Every test for the autoimmune disease was negative, but they kept treating anyway.
In the long history of medicine's fallibility, few failures carry the weight of a misdiagnosis that trades a child's health for the illusion of treatment. Faye Condon, a girl from Bristol, spent seven years enduring chemotherapy for an autoimmune disease she never had, while the genetic condition she actually carried went unnamed and unaddressed. The correct answer arrived at Great Ormond Street Hospital in 2025 — delivered swiftly, through a single blood test that had always been available. What this story asks of us is not merely outrage, but a reckoning with the human cost of diagnostic certainty pursued without diagnostic humility.

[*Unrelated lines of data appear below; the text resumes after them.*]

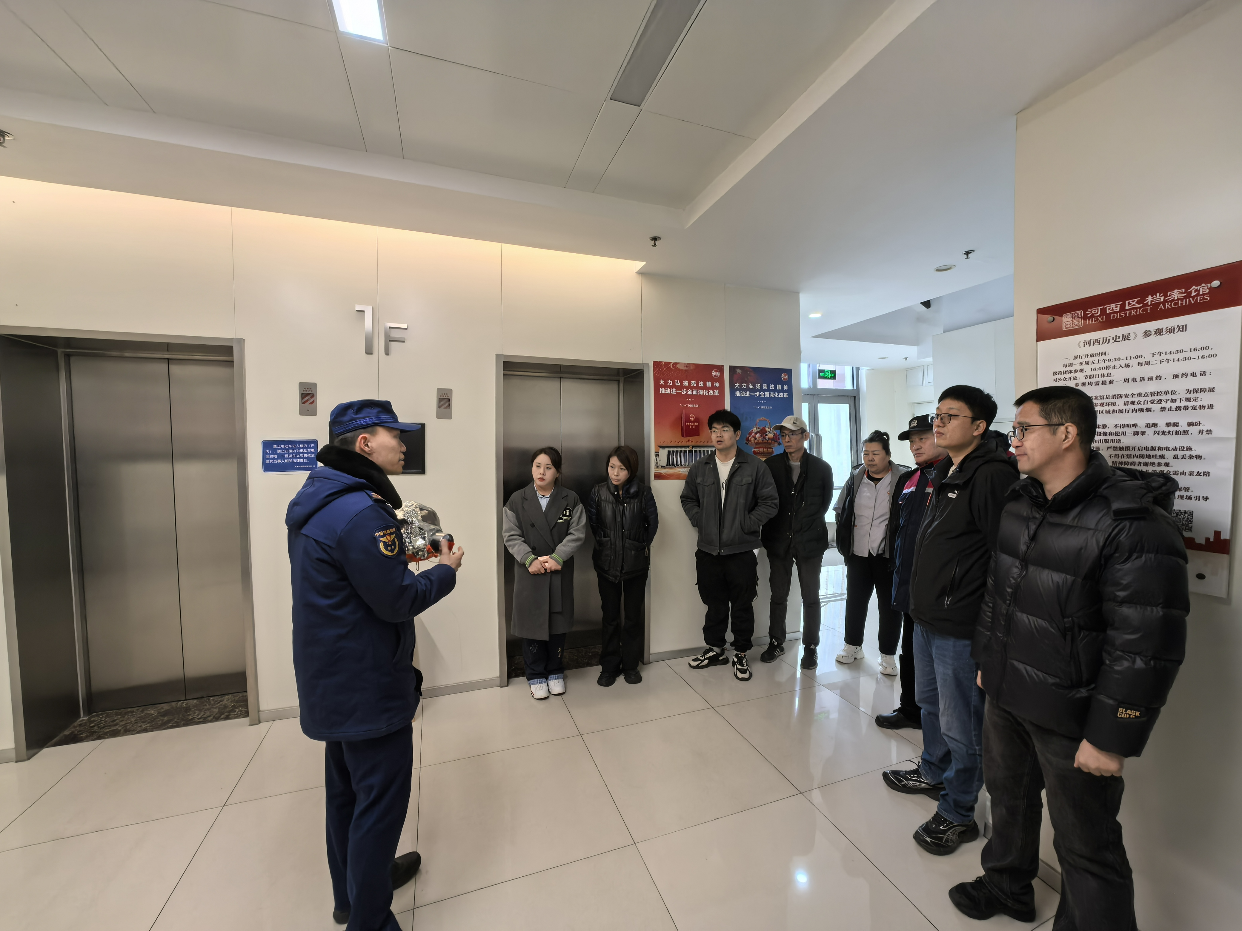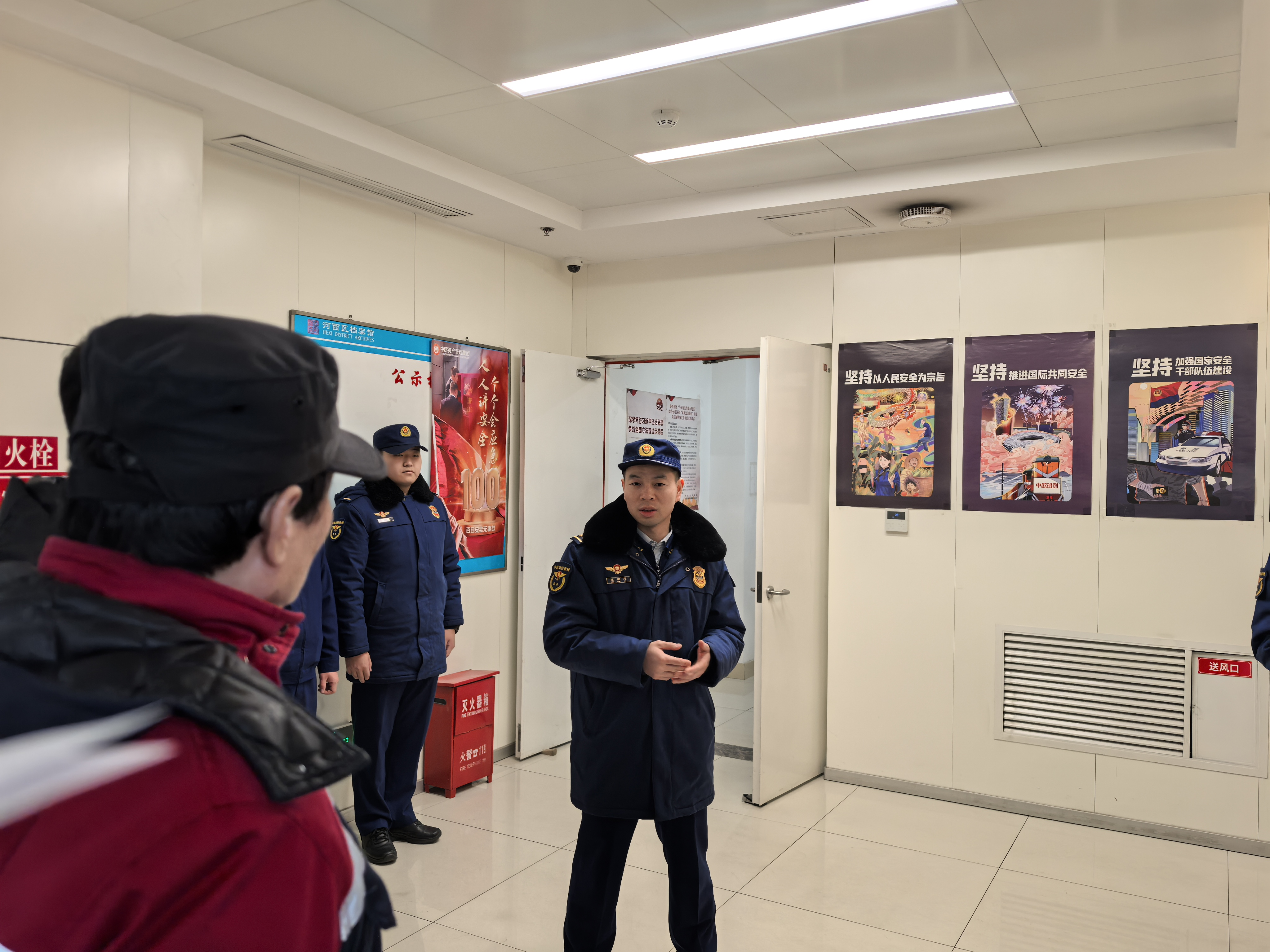 期间,针对消防控制室、微型消防站、消防水箱等重点部位逐一细致筛查,对值班人员的资质和各种登记进行检查指导,确保不放过每一个细节,保证了安全的闭环。对档案馆工作人员和物业公司员工进行消防培训,如何正确逃生、如何灭火、消防栓的使用,灭火器的使用等进行详细讲解。消防官兵带领物业人员进行消防演练,手把手带教,每个动作亲自演示,进一步提升我馆消防水平和消防意识,确保“两会”期间安全稳定。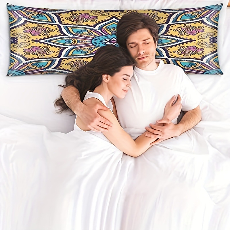 1.37 Mizhen 실크 밝은 새틴 인쇄 더블 롱 베개 가정용 커플 롱 원피스 롱 베개 부모-자식 베개스토어 가기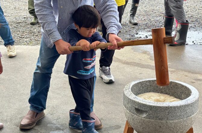 昼食はお餅です!きなこ餅、あんこ餅、お雑煮と餅三昧♪餅つきは、子どもも大人も楽しんで体験していました。

- A five-year-old girl who couldn't run or walk 200 yards to school was handed a diagnosis her own test results consistently contradicted — and no one paused to ask why.
- Six rounds of chemotherapy, viral meningitis, years of isolation, and a school refusal later, Faye is now wheelchair-bound with a heart condition requiring nightly ventilation.
- Her mother Christina raised doubts from the beginning, documented everything, and was dismissed at every turn by doctors who had already made up their minds.
- A specialist in London identified the true condition — de novo Emery-Dreifuss muscular dystrophy — in minutes, using a genetic test Bristol Children's Hospital never ordered across seven years of negative results.
- Bristol NHS Foundation Trust has expressed sorrow and promised to listen, but for a family that put their entire lives on hold under false hope, institutional regret cannot restore what was taken.
Faye Condon was five years old when Bristol Children's Hospital told her mother Christina that she had Juvenile Dermatomyositis, a rare autoimmune disease. Christina had brought Faye to doctors in 2019 after noticing she couldn't keep up with other children — she fell without warning and couldn't walk even 200 yards to school. From the start, Christina was unconvinced. She pushed for additional testing, particularly to rule out muscular dystrophy. The doctors were categorical: it wasn't muscular dystrophy. They had, in Christina's later assessment, already decided what Faye had.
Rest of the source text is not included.